PROVIDED DATA
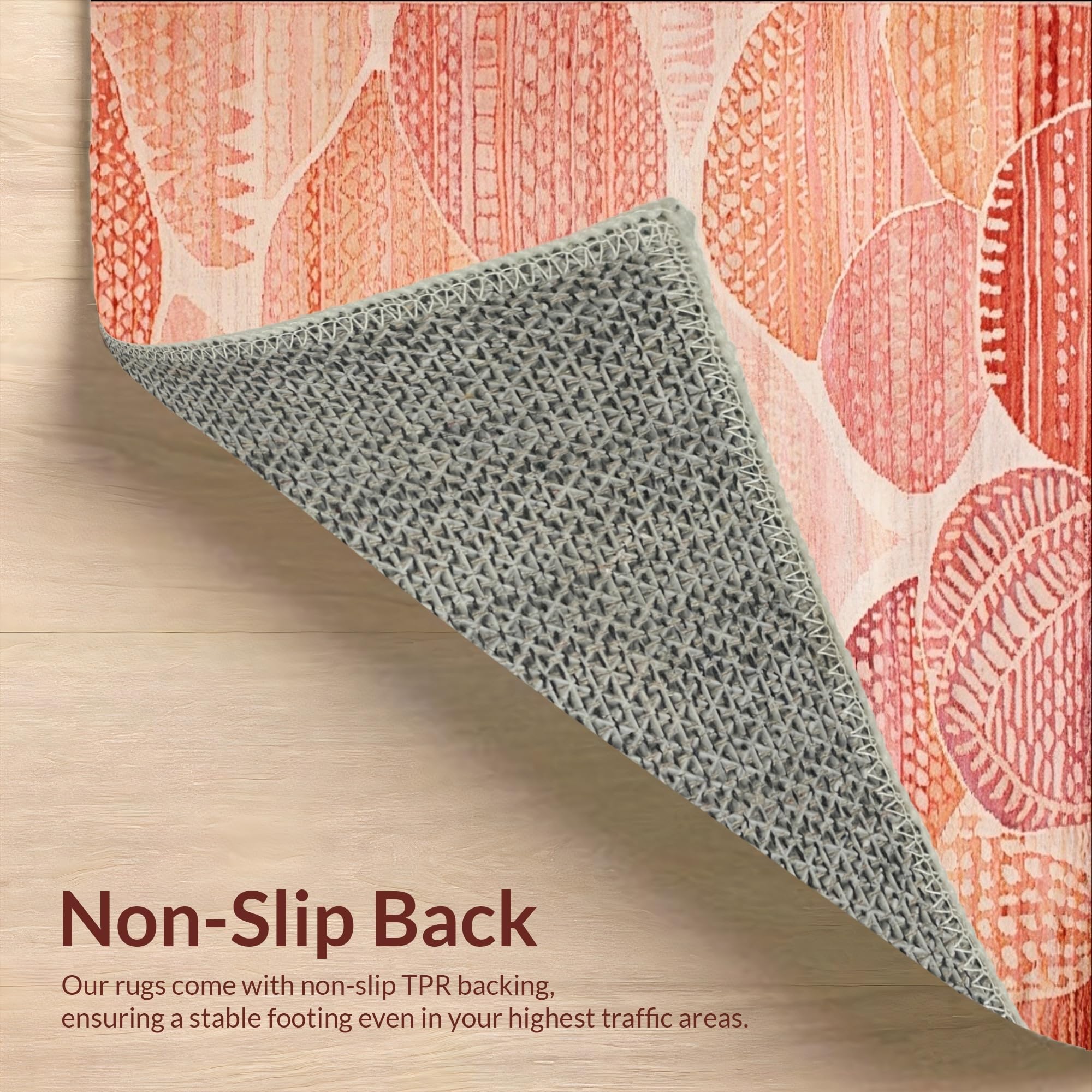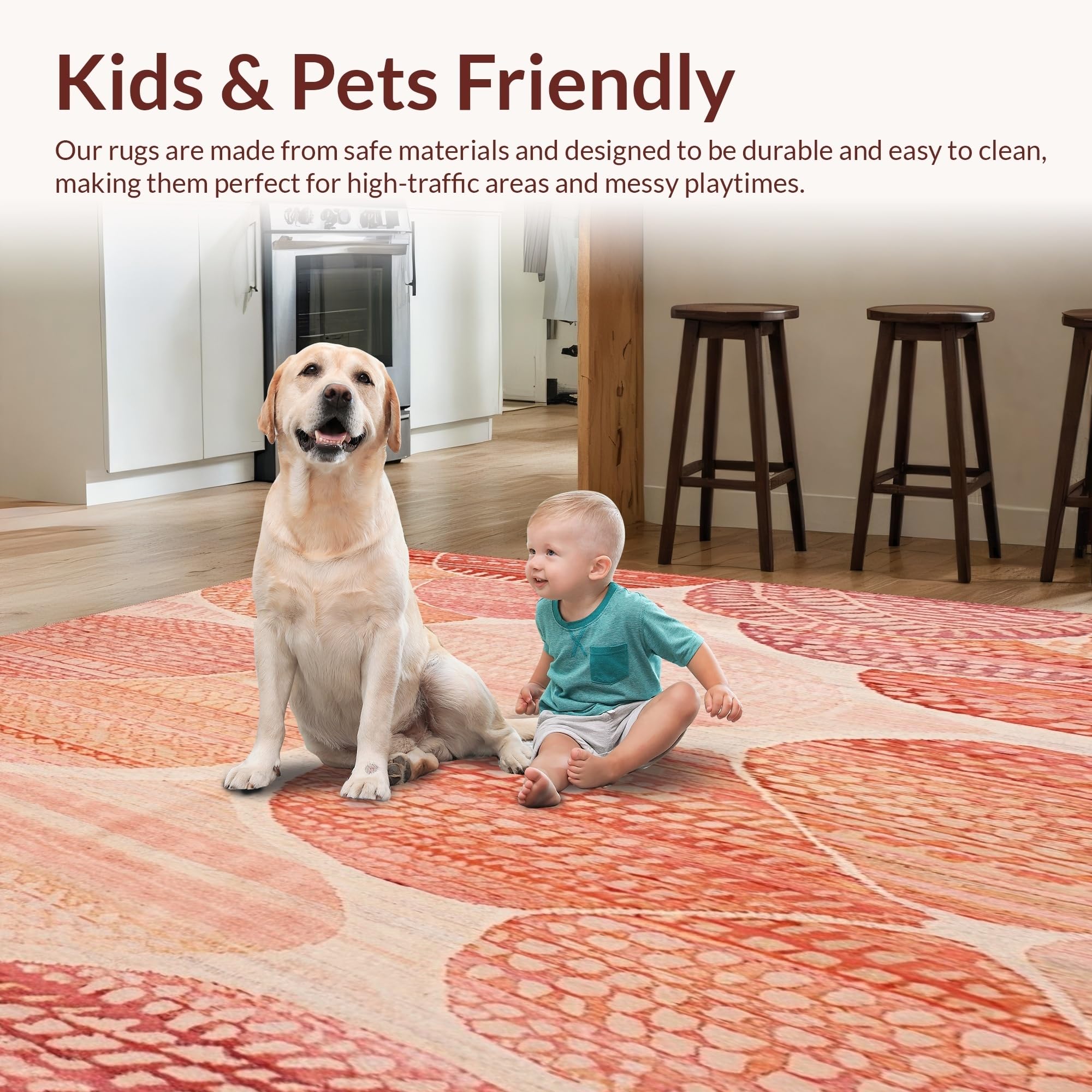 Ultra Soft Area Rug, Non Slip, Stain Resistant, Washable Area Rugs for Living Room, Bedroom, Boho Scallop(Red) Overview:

...

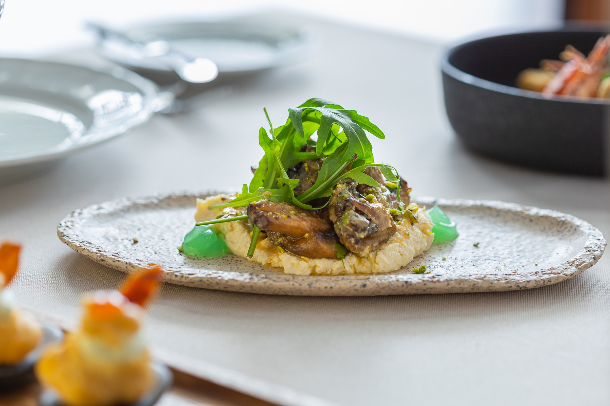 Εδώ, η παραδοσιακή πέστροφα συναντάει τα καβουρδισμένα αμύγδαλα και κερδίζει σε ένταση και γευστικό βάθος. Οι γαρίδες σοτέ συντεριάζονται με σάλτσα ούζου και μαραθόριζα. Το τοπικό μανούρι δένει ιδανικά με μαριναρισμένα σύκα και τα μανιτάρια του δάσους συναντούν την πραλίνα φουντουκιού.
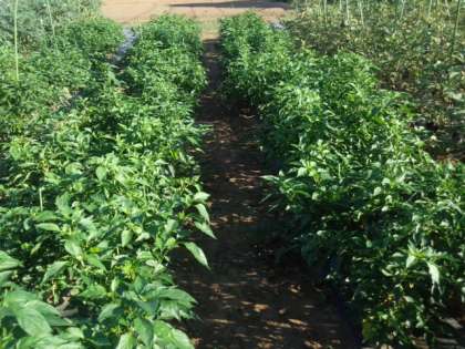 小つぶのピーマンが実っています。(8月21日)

TASK DIRECTIONS
Would you copy out, exactly and with no pictures, only the lines above from the one that contains "Εδώ, η παραδοσιακή" through the one that contains "小つぶのピーマンが実っています。(8月21日)"?

EXPECTED ANSWER
 Εδώ, η παραδοσιακή πέστροφα συναντάει τα καβουρδισμένα αμύγδαλα και κερδίζει σε ένταση και γευστικό βάθος. Οι γαρίδες σοτέ συντεριάζονται με σάλτσα ούζου και μαραθόριζα. Το τοπικό μανούρι δένει ιδανικά με μαριναρισμένα σύκα και τα μανιτάρια του δάσους συναντούν την πραλίνα φουντουκιού.
 小つぶのピーマンが実っています。(8月21日)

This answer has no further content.